M. Dupuytren n’avait pas dans la main une grande habileté ; ses doigts mal faits, ses ongles carrés qu’il rongeait sans cesse, s’opposaient à ce qu’il eût la dextérité ou la grace qui distinguent d’autres chirurgiens. L’auteur d’un écrit, publié récemment, sur M. Dupuytren, me semble avoir bien expliqué la raison de l’espèce de gaucherie que l’on remarquait souvent dans ses mouvemens lorsqu’il opérait : « C’est qu’il n’oubliait jamais, dit-il, son rôle de professeur de clinique. Il avait devant lui un nombre considérable d’élèves, avides de saisir tous les temps de l’opération. Pour satisfaire à cette exigence, il prenait quelquefois des positions gênantes qui rendaient l’opération plus difficile et lui donnaient un air gauche… Non-seulement le professeur choisissait toujours la position la plus favorable aux spectateurs, mais il expliquait encore les divers temps de l’opération à mesure qu’il les exécutait. Il parlait en opérant, ce qui suppose un grand sang-froid et une présence d’esprit rare[1]. »
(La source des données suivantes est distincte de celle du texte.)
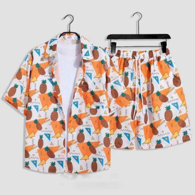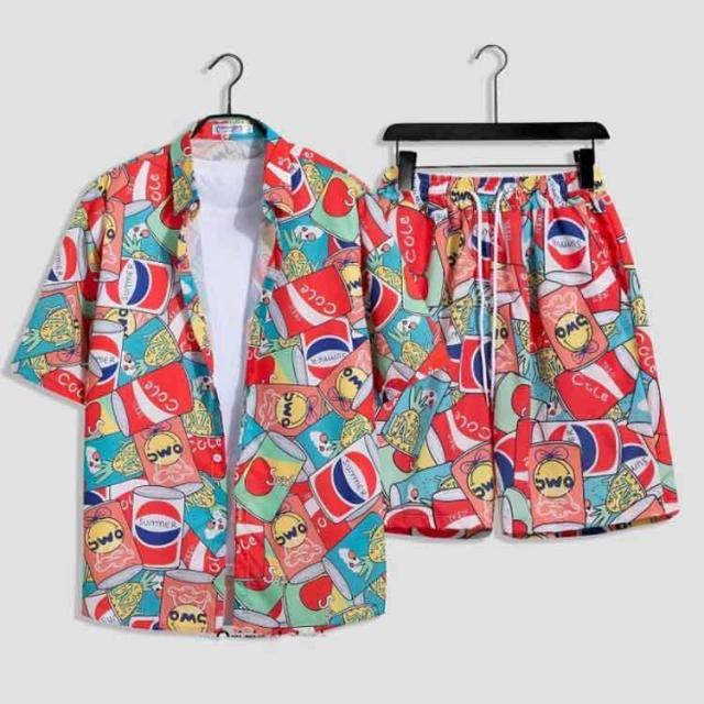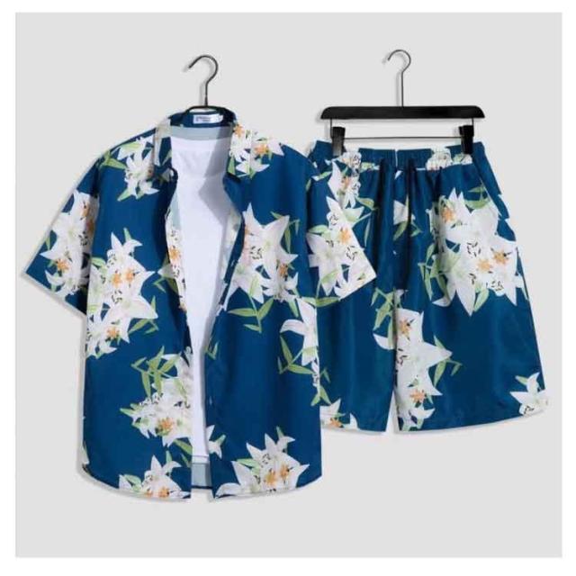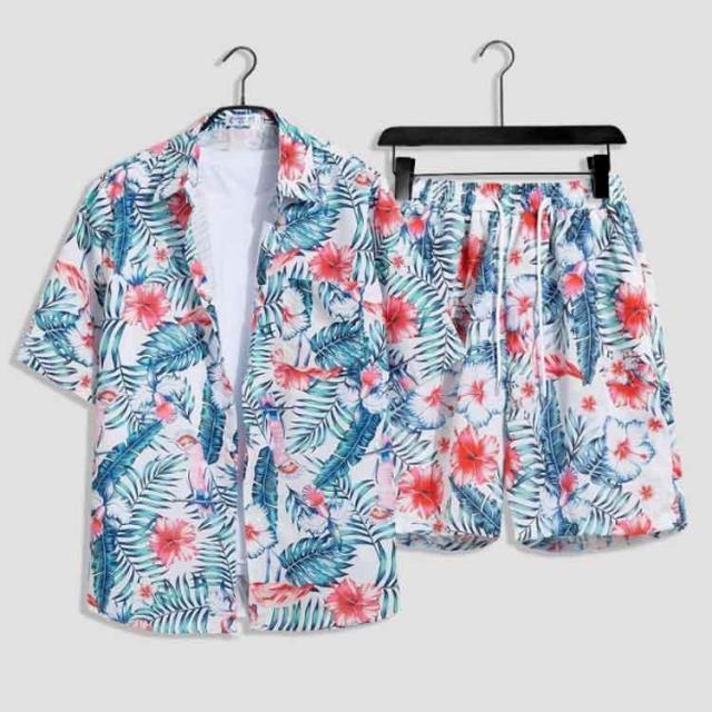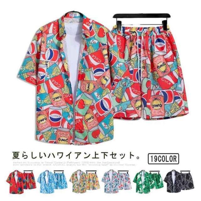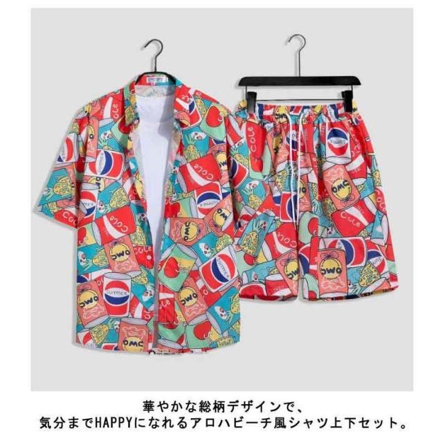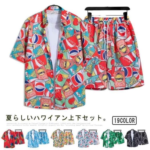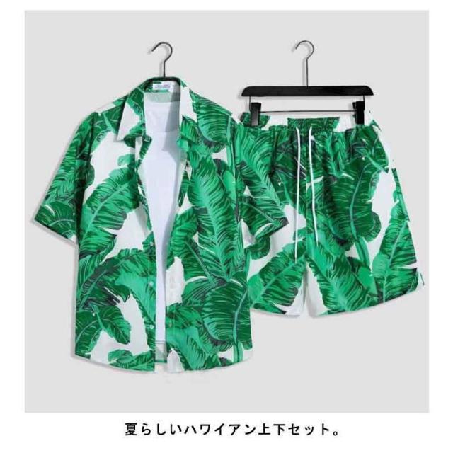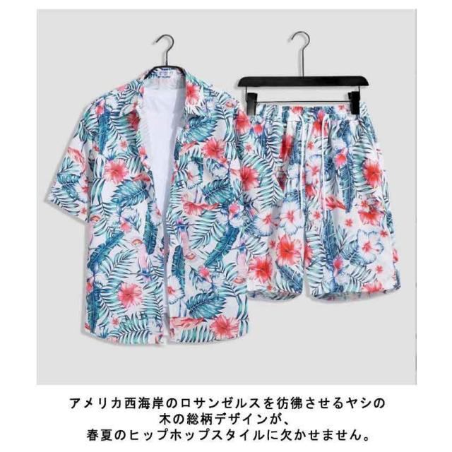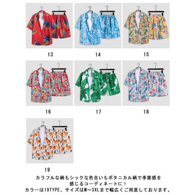 シャツ メンズ アロハシャツ ショートパンツ セットアップ 上下セット 半袖 ビーチシャツ アロハ ボタニカル 総柄 カジュアルシャツ きれいめ 夏
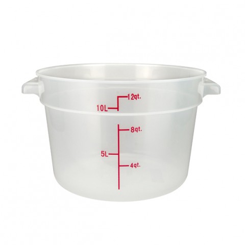 Storage Container, 12 qt., 12.25" x 14.06" x 8.44"H, round, temperature range: -40°F to 160°F, with built-in handles, graduation markings in quarts & liters, stain resistant, dishwasher safe, BPA free, polypropylene, translucent, NSF (Qty Break = 12 each)
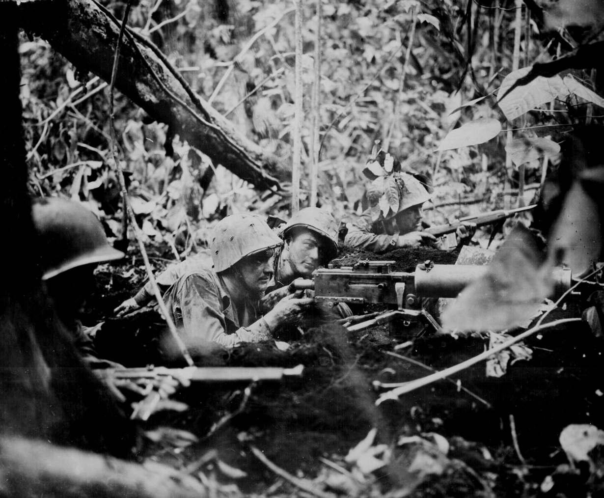 Морские пехотинцы США в джунглях мыса Тоткина, отвоеванного острова Бугенвиль, Соломоновы острова, январь 1944 года.
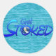 Stoked é um termo surfista que significa ser feliz ou excitado. Faça uma frase com um surfista andando em um dentro de onda.
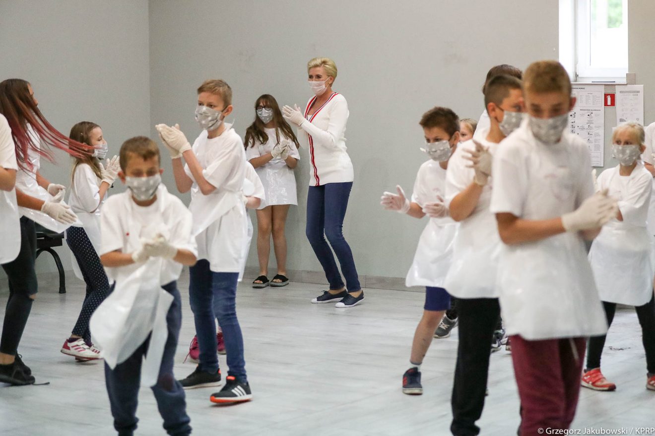 Pierwsza Dama dołączyła do warsztatów artystycznych z decoupage’u oraz zajęć tanecznych. Następnie została zaproszona do rozmów przy ognisku ze wszystkimi uczestnikami obozu i kadrą pedagogiczną. Agata Kornhauser-Duda, pytała dzieci i młodzież o bezpieczne zachowania podczas letniego wypoczynku.

Après la leçon et les opérations venaient les consultations gratuites, et ce n’était qu’après avoir ainsi consacré les cinq ou six premières heures de la journée aux pauvres, que le chirurgien de l’Hôtel-Dieu pouvait se livrer à ses propres affaires et à sa clientelle ; quand on songe au prix de chaque heure pour un homme dont le temps était si largement payé, on ne peut qu’admirer encore davantage le zèle avec lequel il a pendant toute sa vie fait passer son service de l’Hôtel-Dieu avant toute autre occupation.
Il était toujours plus de dix heures lorsque M. Dupuytren quittait l’hôpital. Il déposait le tablier, prenait gravement sous le bras le petit pain que, suivant un antique usage, les médecins de l’Hôtel-Dieu reçoivent chaque matin, puis il s’acheminait à pied jusque chez lui,
- ↑ Essai historique sur Dupuytren, par Vidal (de Cassis), professeur agrégé à la faculté de médecine de Paris, etc.